§ **About this exercise**:
Below are the entries; give again exactly the lines from the one mentioning "1915年6月26日出版的《" through the one mentioning "先月の第1回花壇再生プロジェ", inclusive.

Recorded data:
________________

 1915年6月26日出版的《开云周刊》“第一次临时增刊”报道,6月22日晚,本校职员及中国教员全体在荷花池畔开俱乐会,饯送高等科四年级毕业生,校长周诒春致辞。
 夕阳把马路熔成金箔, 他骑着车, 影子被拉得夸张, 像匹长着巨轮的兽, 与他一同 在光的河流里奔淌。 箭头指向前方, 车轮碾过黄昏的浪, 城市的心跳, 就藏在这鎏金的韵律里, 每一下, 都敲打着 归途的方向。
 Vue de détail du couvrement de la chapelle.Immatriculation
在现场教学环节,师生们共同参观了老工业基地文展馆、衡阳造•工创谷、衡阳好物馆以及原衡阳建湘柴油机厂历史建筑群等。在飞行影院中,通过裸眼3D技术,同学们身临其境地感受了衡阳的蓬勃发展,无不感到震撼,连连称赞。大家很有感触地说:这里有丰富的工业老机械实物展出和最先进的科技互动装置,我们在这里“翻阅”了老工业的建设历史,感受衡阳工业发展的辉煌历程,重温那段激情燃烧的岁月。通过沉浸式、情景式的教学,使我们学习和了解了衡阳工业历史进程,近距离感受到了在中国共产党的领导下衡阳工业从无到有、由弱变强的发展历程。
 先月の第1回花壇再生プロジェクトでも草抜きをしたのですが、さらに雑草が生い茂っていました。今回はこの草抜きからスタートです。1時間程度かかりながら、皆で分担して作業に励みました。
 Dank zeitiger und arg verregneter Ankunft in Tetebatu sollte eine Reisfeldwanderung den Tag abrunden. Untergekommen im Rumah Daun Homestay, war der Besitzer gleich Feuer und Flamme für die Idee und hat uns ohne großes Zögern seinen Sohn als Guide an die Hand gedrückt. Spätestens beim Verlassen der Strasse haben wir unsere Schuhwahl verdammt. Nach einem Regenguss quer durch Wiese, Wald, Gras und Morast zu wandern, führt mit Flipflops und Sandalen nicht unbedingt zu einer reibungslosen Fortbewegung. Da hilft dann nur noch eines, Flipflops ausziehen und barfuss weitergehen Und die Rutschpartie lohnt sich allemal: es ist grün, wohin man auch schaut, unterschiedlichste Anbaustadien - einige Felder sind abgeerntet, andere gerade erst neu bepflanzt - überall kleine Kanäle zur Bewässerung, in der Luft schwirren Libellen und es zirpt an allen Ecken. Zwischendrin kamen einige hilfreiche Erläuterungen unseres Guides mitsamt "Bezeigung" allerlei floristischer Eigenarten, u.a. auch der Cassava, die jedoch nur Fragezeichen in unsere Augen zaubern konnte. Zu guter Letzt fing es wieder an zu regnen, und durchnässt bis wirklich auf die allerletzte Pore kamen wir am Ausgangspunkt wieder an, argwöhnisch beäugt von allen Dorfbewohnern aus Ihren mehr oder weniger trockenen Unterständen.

________________

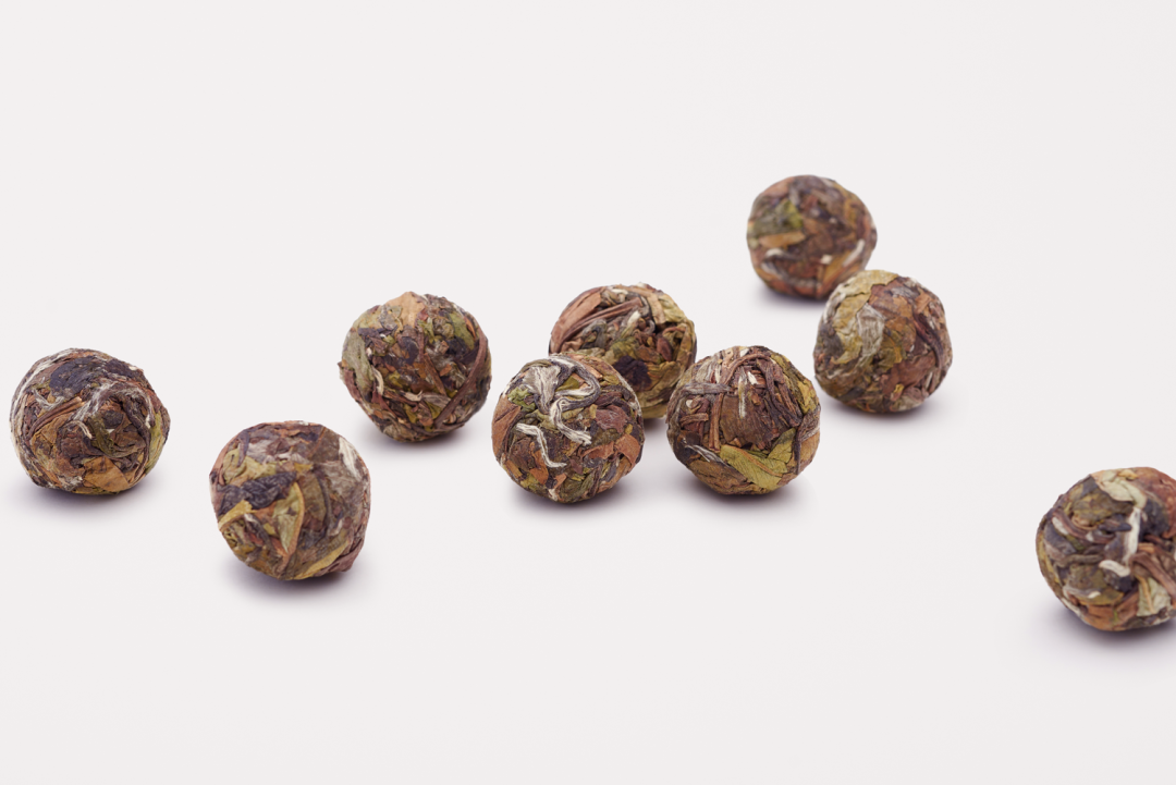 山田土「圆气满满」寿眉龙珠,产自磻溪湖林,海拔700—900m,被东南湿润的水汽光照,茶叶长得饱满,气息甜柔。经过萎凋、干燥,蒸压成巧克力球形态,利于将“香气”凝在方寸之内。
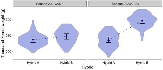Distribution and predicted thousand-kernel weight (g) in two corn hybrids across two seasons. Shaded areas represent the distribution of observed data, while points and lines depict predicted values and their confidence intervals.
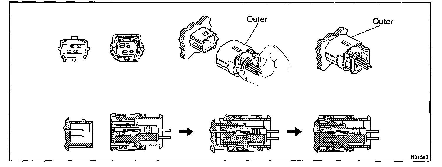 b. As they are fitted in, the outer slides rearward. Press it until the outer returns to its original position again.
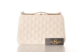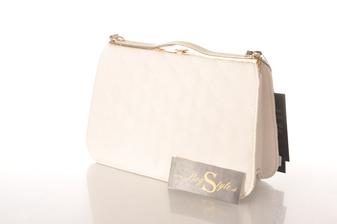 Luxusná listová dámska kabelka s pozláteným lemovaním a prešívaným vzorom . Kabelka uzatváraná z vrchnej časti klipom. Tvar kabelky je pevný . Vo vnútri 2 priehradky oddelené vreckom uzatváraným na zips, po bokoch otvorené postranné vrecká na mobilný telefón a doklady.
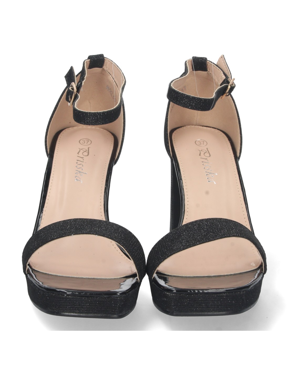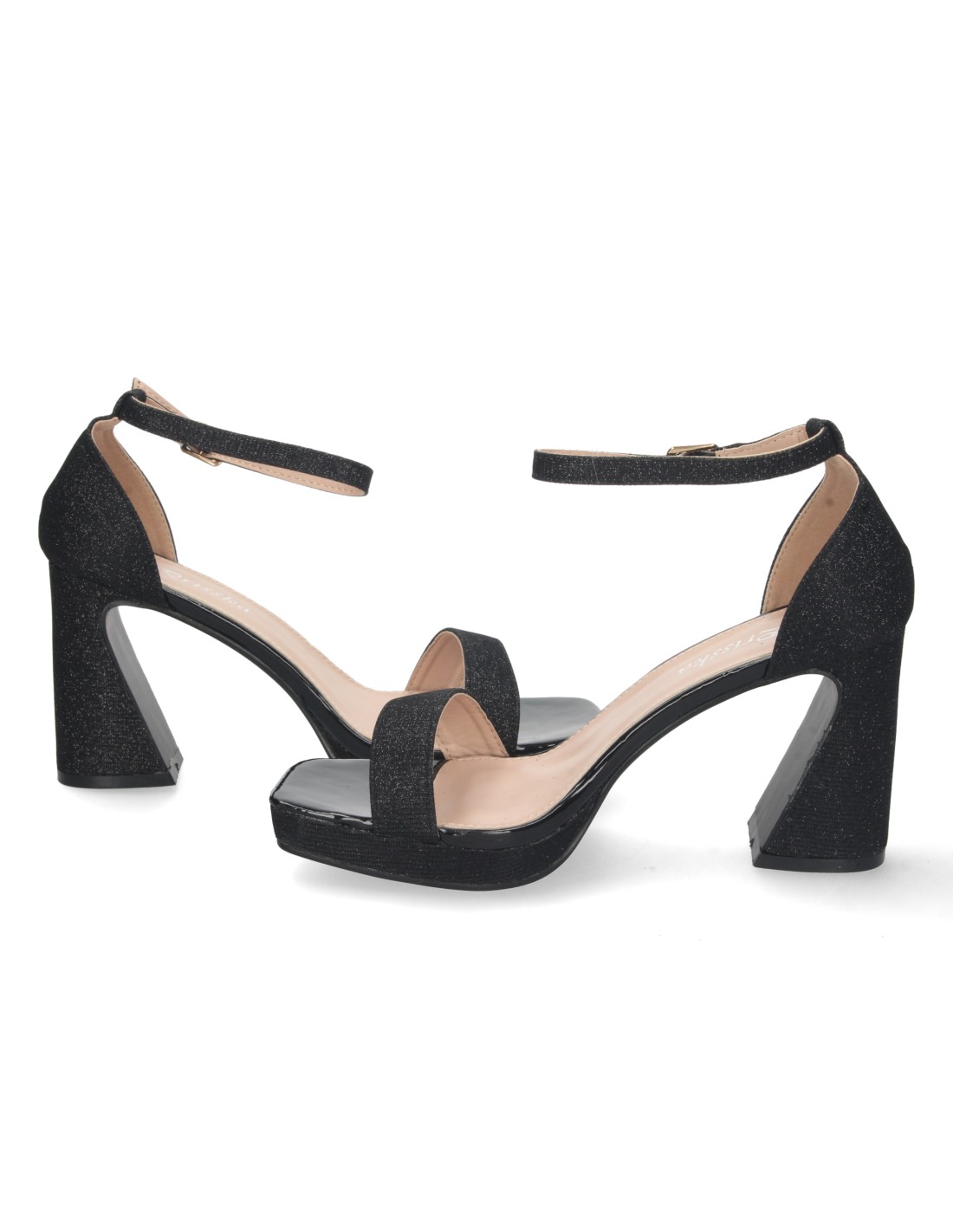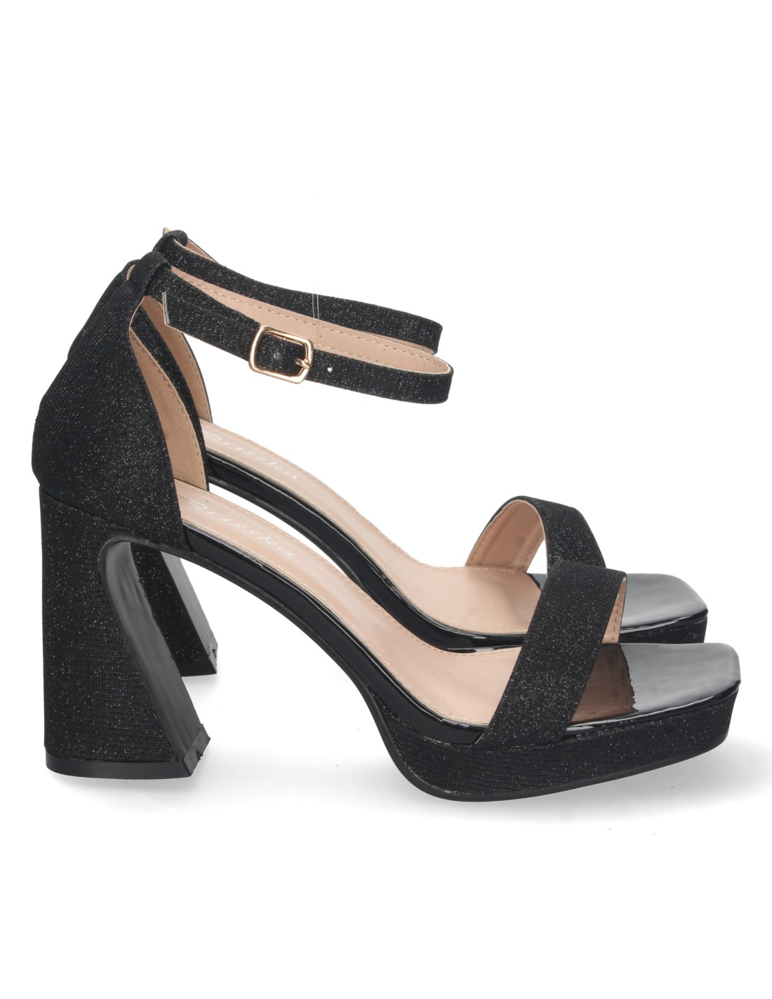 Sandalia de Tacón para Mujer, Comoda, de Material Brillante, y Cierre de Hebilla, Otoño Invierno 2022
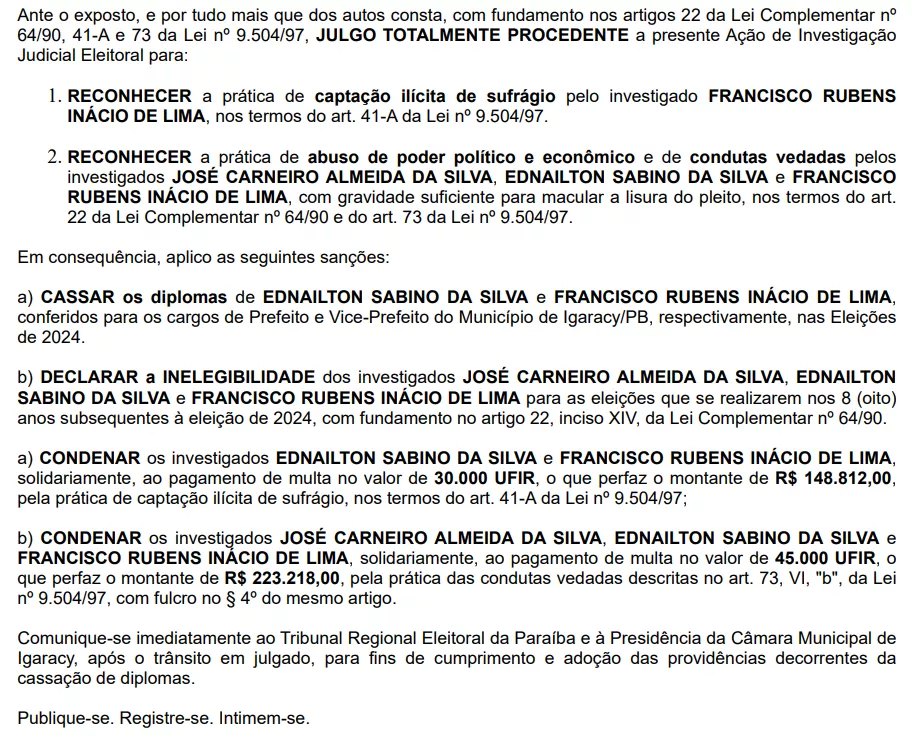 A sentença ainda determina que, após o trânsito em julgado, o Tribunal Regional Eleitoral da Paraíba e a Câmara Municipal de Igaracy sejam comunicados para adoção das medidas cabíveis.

________________

§ **Reply to the exercise**:
 1915年6月26日出版的《开云周刊》“第一次临时增刊”报道,6月22日晚,本校职员及中国教员全体在荷花池畔开俱乐会,饯送高等科四年级毕业生,校长周诒春致辞。
 夕阳把马路熔成金箔, 他骑着车, 影子被拉得夸张, 像匹长着巨轮的兽, 与他一同 在光的河流里奔淌。 箭头指向前方, 车轮碾过黄昏的浪, 城市的心跳, 就藏在这鎏金的韵律里, 每一下, 都敲打着 归途的方向。
 Vue de détail du couvrement de la chapelle.Immatriculation
在现场教学环节,师生们共同参观了老工业基地文展馆、衡阳造•工创谷、衡阳好物馆以及原衡阳建湘柴油机厂历史建筑群等。在飞行影院中,通过裸眼3D技术,同学们身临其境地感受了衡阳的蓬勃发展,无不感到震撼,连连称赞。大家很有感触地说:这里有丰富的工业老机械实物展出和最先进的科技互动装置,我们在这里“翻阅”了老工业的建设历史,感受衡阳工业发展的辉煌历程,重温那段激情燃烧的岁月。通过沉浸式、情景式的教学,使我们学习和了解了衡阳工业历史进程,近距离感受到了在中国共产党的领导下衡阳工业从无到有、由弱变强的发展历程。
 先月の第1回花壇再生プロジェクトでも草抜きをしたのですが、さらに雑草が生い茂っていました。今回はこの草抜きからスタートです。1時間程度かかりながら、皆で分担して作業に励みました。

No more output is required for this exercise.